== Source records ==
——————

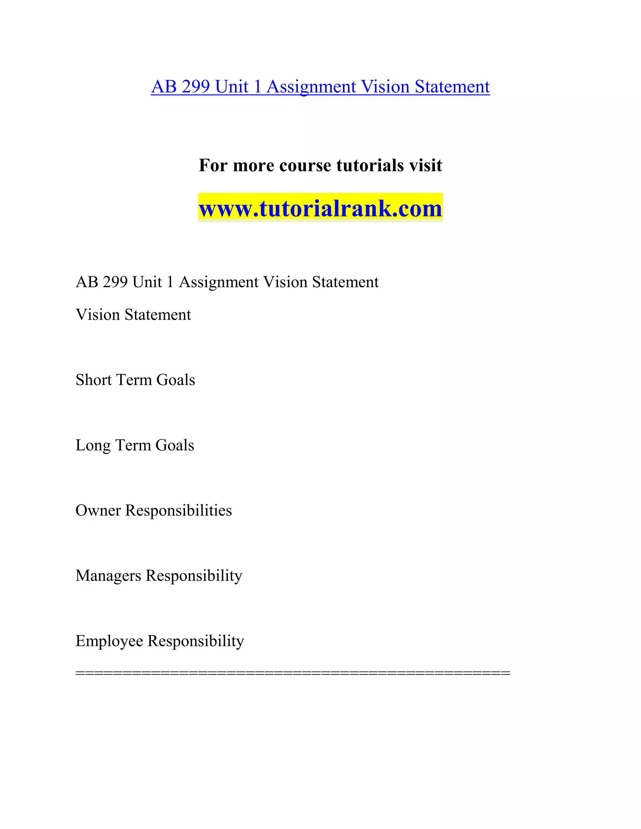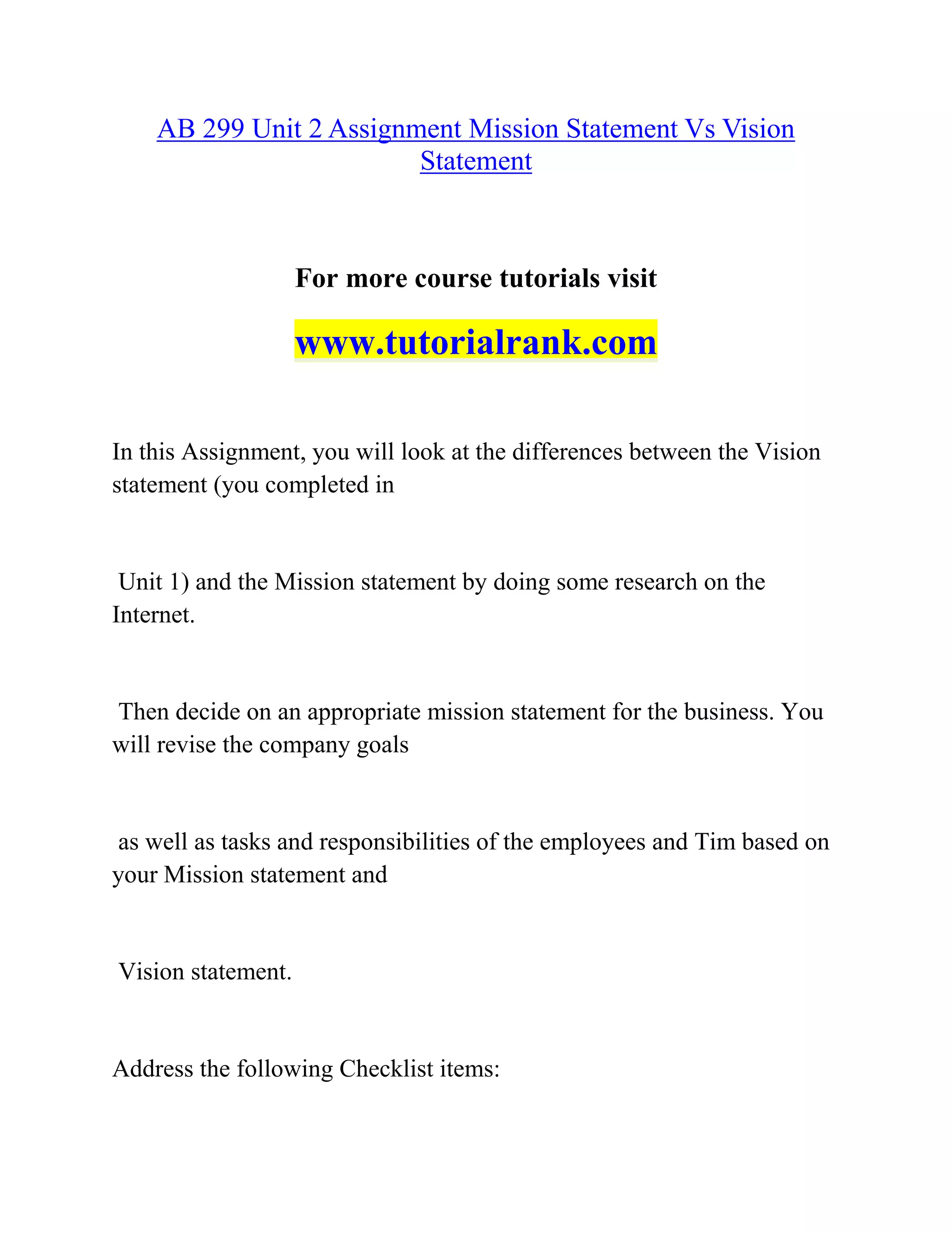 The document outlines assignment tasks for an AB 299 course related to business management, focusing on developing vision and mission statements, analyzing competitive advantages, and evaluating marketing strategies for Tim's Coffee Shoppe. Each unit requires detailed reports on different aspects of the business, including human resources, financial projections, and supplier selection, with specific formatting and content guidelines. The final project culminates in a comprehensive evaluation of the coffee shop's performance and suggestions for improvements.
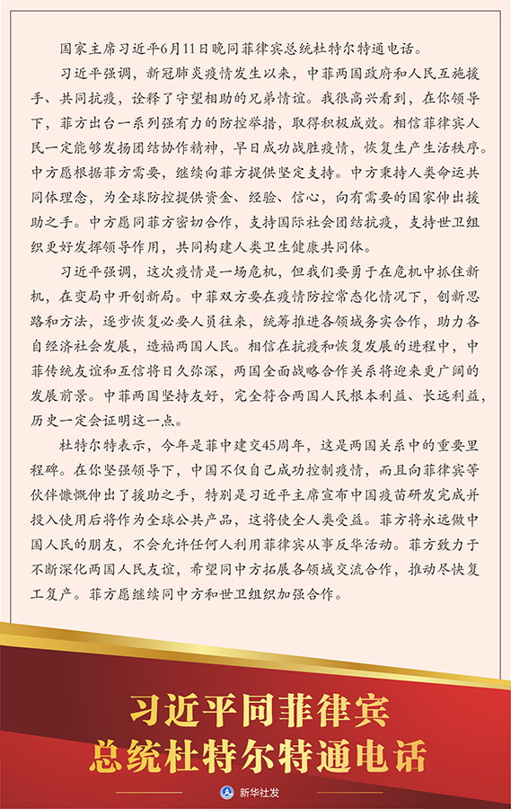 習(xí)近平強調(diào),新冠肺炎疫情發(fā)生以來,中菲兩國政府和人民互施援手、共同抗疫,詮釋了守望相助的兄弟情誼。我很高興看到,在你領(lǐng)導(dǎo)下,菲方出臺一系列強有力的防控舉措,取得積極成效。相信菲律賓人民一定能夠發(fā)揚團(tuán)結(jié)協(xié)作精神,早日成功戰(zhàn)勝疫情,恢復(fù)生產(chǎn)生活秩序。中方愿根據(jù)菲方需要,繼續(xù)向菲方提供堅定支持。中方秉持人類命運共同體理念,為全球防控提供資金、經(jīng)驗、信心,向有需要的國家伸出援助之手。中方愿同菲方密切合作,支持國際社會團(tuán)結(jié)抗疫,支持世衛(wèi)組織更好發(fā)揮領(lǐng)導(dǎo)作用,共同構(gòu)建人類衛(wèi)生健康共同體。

——————

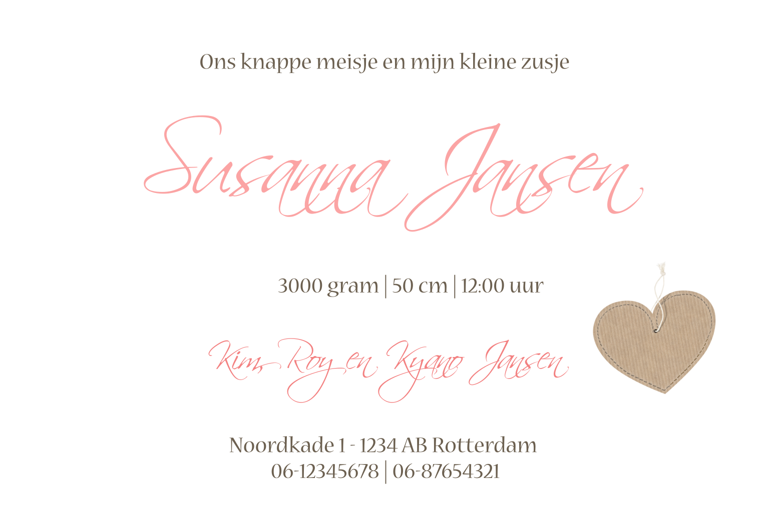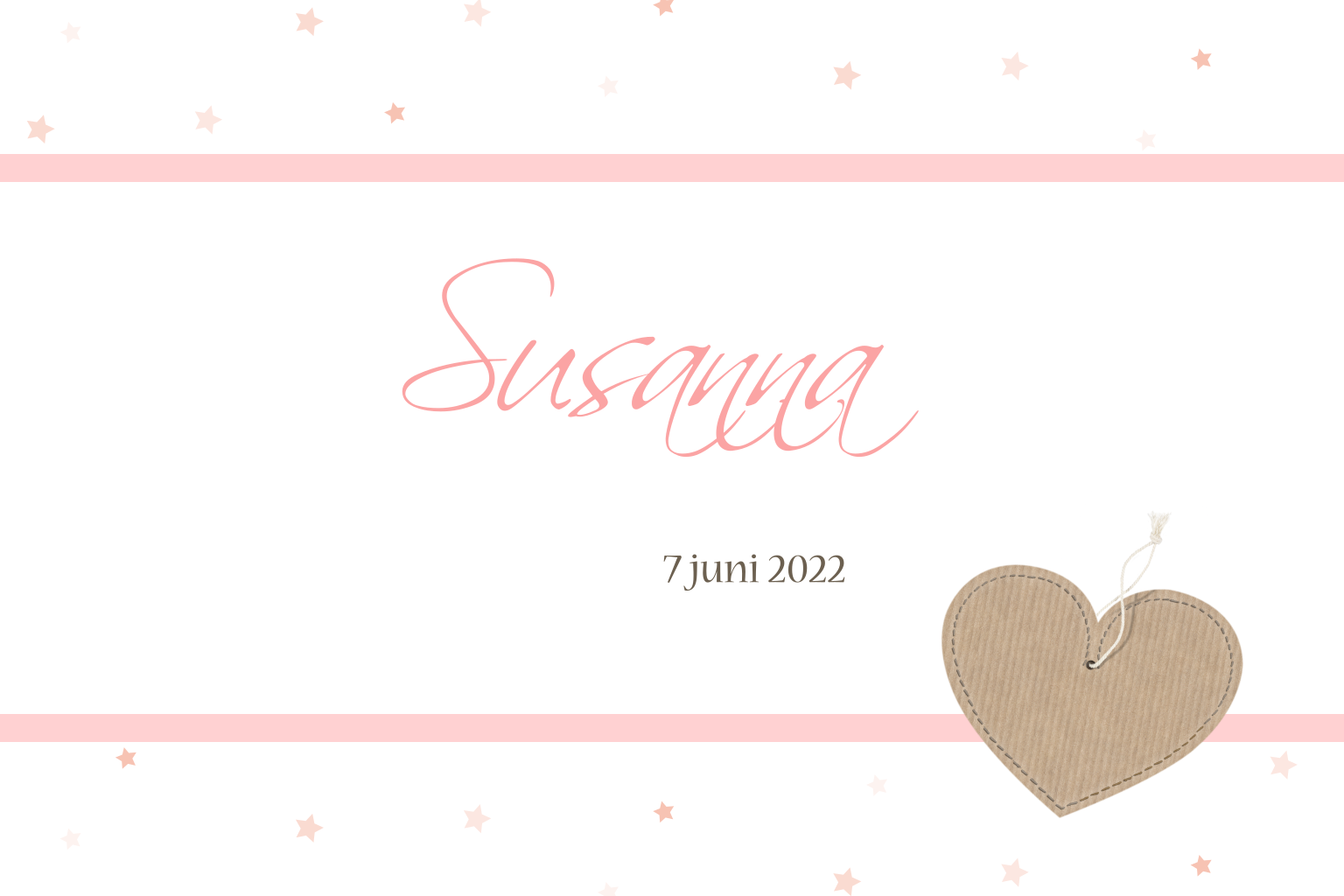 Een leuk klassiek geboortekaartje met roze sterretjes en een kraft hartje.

——————

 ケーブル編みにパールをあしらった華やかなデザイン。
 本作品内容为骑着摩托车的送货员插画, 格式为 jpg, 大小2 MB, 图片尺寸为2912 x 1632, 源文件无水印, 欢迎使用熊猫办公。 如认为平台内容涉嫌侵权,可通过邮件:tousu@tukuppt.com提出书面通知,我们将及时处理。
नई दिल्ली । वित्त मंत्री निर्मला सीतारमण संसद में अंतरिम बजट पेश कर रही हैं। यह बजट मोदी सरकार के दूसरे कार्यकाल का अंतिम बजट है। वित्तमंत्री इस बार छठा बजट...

——————

What you return from the records above should be exactly everything from the line with "The document outlines" down to the line with "習(xí)近平強調(diào", both kept, and no pictures.

== Task answer ==
 The document outlines assignment tasks for an AB 299 course related to business management, focusing on developing vision and mission statements, analyzing competitive advantages, and evaluating marketing strategies for Tim's Coffee Shoppe. Each unit requires detailed reports on different aspects of the business, including human resources, financial projections, and supplier selection, with specific formatting and content guidelines. The final project culminates in a comprehensive evaluation of the coffee shop's performance and suggestions for improvements.
 習(xí)近平強調(diào),新冠肺炎疫情發(fā)生以來,中菲兩國政府和人民互施援手、共同抗疫,詮釋了守望相助的兄弟情誼。我很高興看到,在你領(lǐng)導(dǎo)下,菲方出臺一系列強有力的防控舉措,取得積極成效。相信菲律賓人民一定能夠發(fā)揚團(tuán)結(jié)協(xié)作精神,早日成功戰(zhàn)勝疫情,恢復(fù)生產(chǎn)生活秩序。中方愿根據(jù)菲方需要,繼續(xù)向菲方提供堅定支持。中方秉持人類命運共同體理念,為全球防控提供資金、經(jīng)驗、信心,向有需要的國家伸出援助之手。中方愿同菲方密切合作,支持國際社會團(tuán)結(jié)抗疫,支持世衛(wèi)組織更好發(fā)揮領(lǐng)導(dǎo)作用,共同構(gòu)建人類衛(wèi)生健康共同體。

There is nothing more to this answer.